Ericsson has been going all out to enforce its Standard Essentials Patents (SEP) against several mobile phone companies, such as Micromax, Intex and Lava, among others, who are primarily selling mobile phones in India. The outcome of these law suits will no doubt play a significant role in defining the future of licensing and enforcement of SEP in India.

The latest in these law suits is an interim judgement by The High Court of Delhi in the matter between TELEFONKTIEBOLAGET LM ERICSSON (Ericsson) and LAVA INTERNATIONAL LTD (Lava). The interim judgement is in favour of Ericsson. More importantly, the judgement deals with various aspects of licensing and enforcement of SEP.

The judgement held that, as is the well-established practice, demonstrating or establishing compliance of a device or a process with concerned standard is sufficient to confirm that the device/process is infringing an SEP.

As a step-wise approach, to allege infringement of an SEP, the following may be done:

  • Set out the relevant standards;
  • Map the standards with the claims;
  • Wherever implementation is optional, testing shall be done;
  • Wherever implementation is compulsory, an expert affidavit shall be furnished.

The judgement favours passing injunction order once an SEP patent prima facie is held to be infringed and no credible defence is established. In case any party is reluctant or unwilling and deliberately and intentionally avoids entering into license agreement on flimsy grounds, the injunction order is to be passed.

The judgement also appears to suggest that once the owner of SEP has entered into several FRAND agreements, the balance of convenience lies in favour of the owner, necessitating an interim order to be passed. The reasoning provided is that, in case the interim order is not passed or the defendant is not ready to enter into FRAND agreement, other licensees would also take the same stand which is being taken by the defendant. Hence, under such circumstances, the owner of the SEP would suffer irrecoverable loss and also injury.

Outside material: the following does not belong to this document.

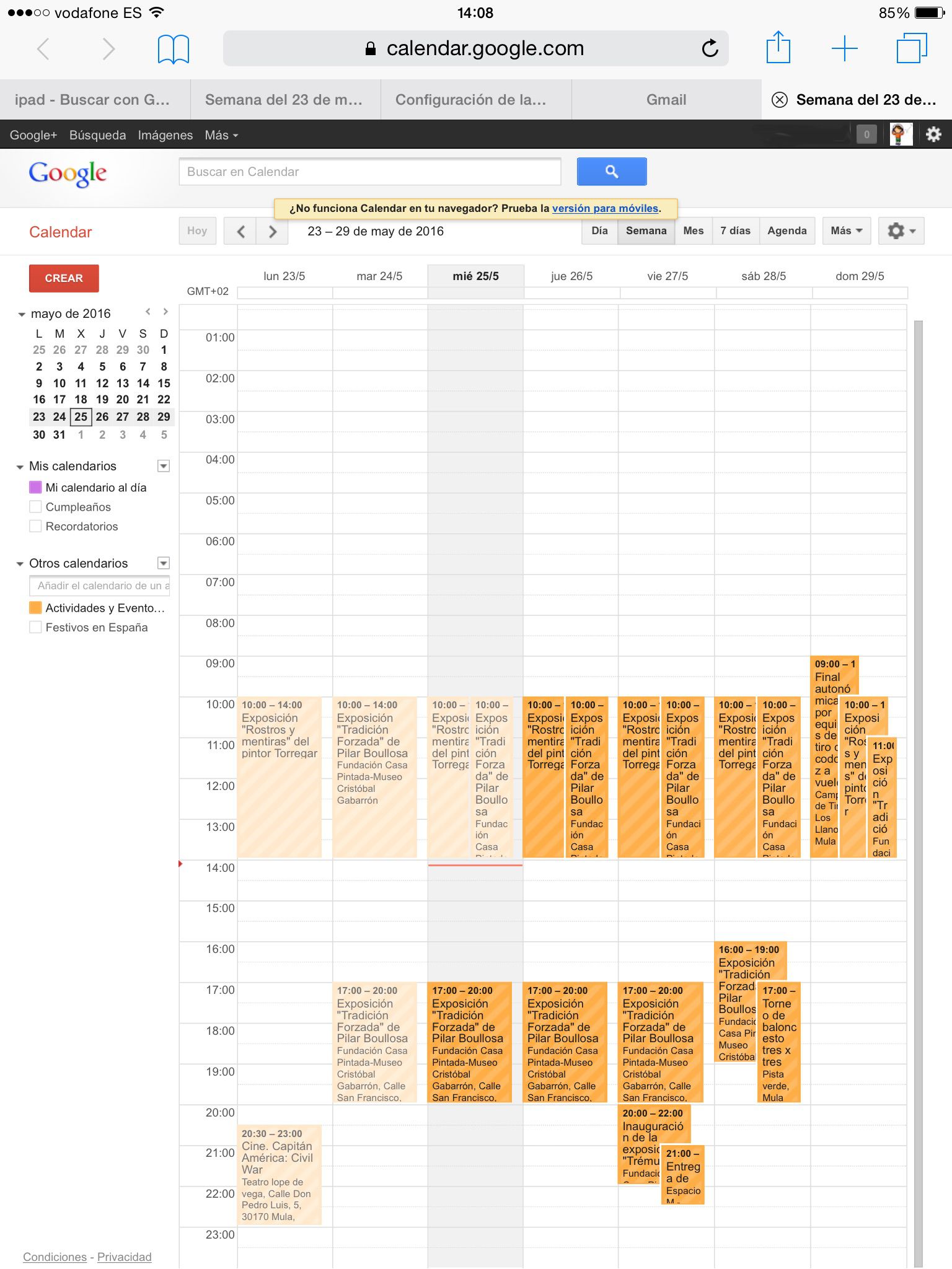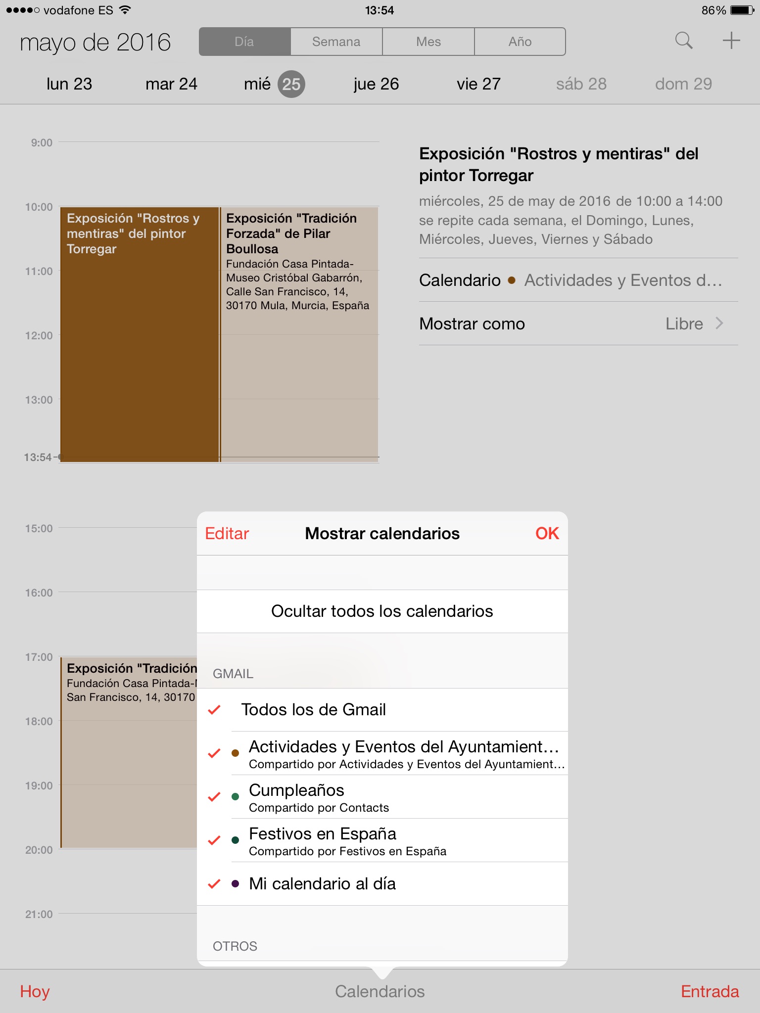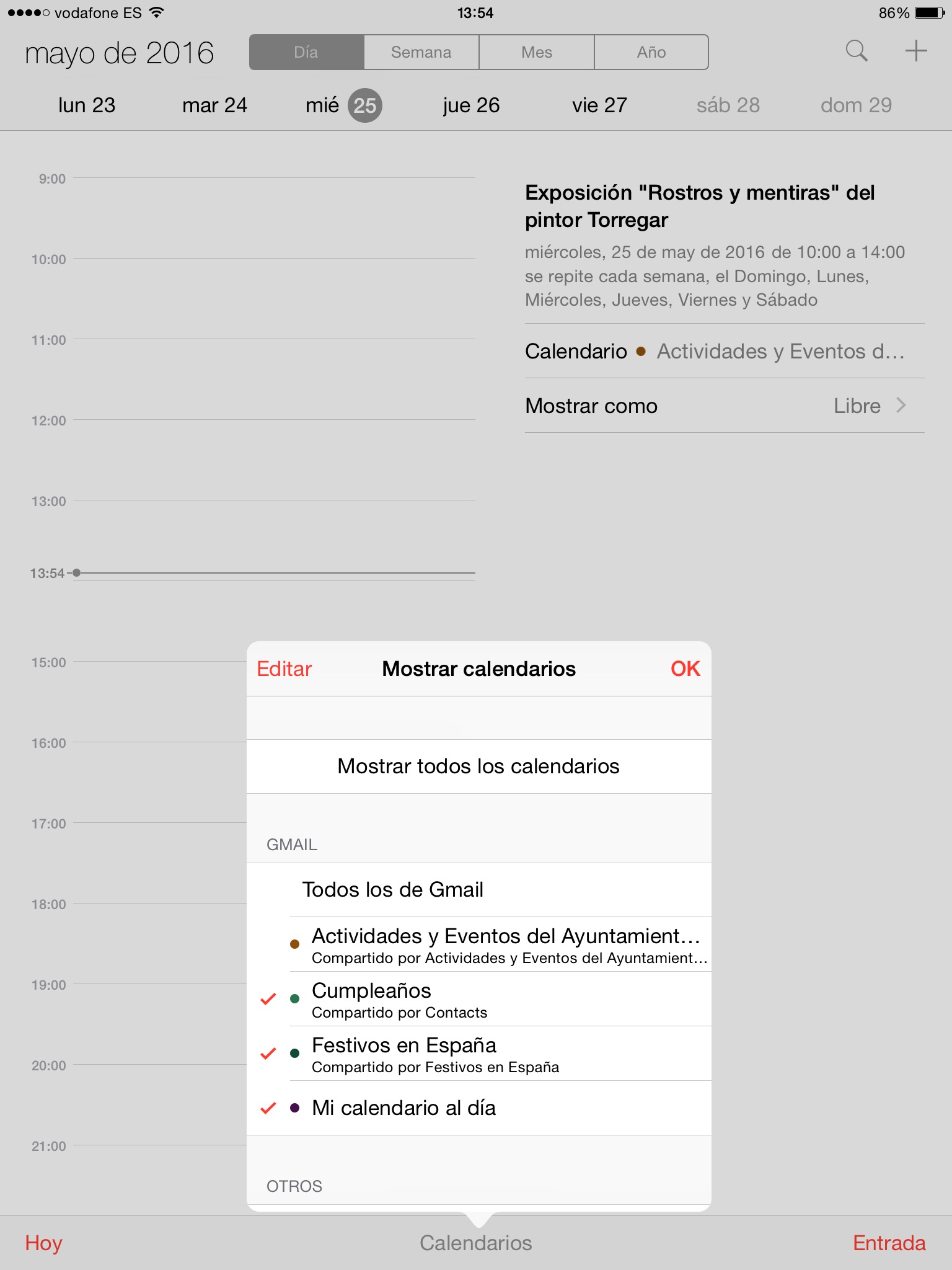 Para ello, pinchamos en Calendarios y en la lista desplegable, elegimos los calendarios a mostrar.

The operative parts of the interim order (w.e.f. June 21, 2016) include the following:

  1. Lava shall not import mobiles under the patents and technology, which are subject of the suit patents, and not to sell the same in the market, directly or indirectly through agent, shopkeepers, dealers, distributors or any other person on its behalf. 
  2. Lava shall also not export the impugned goods.
  3. All Custom Authorities in India are directed not to release the impugned mobile phones if received from overseas countries under technology of suit patents of Ericsson to the Lava or any person on its behalf.

The operation of the interim order shall remain stayed till the final disposal, if the following conditions are met by Lava.

  1. Deposit a sum of INR 50 crores (approx. USD 7.7 million) with the Registrar General of the Court by way of FDR as security amount on or before 20th June, 2016;
  2. File statement of accounts for the period of 2011 to 31st May, 2016 before the Court by 10th July, 2016; and
  3. Continue to file statement of accounts every quarterly till the final judgment is delivered in the main suit.

The judgement is clearly in favour of Ericsson at this juncture. We will continue to monitor and analyse the suits involving Ericsson concerning their SEP in India, since the judgements will have far reaching implications on the subject of licencing in general, and licensing of SEP in particular.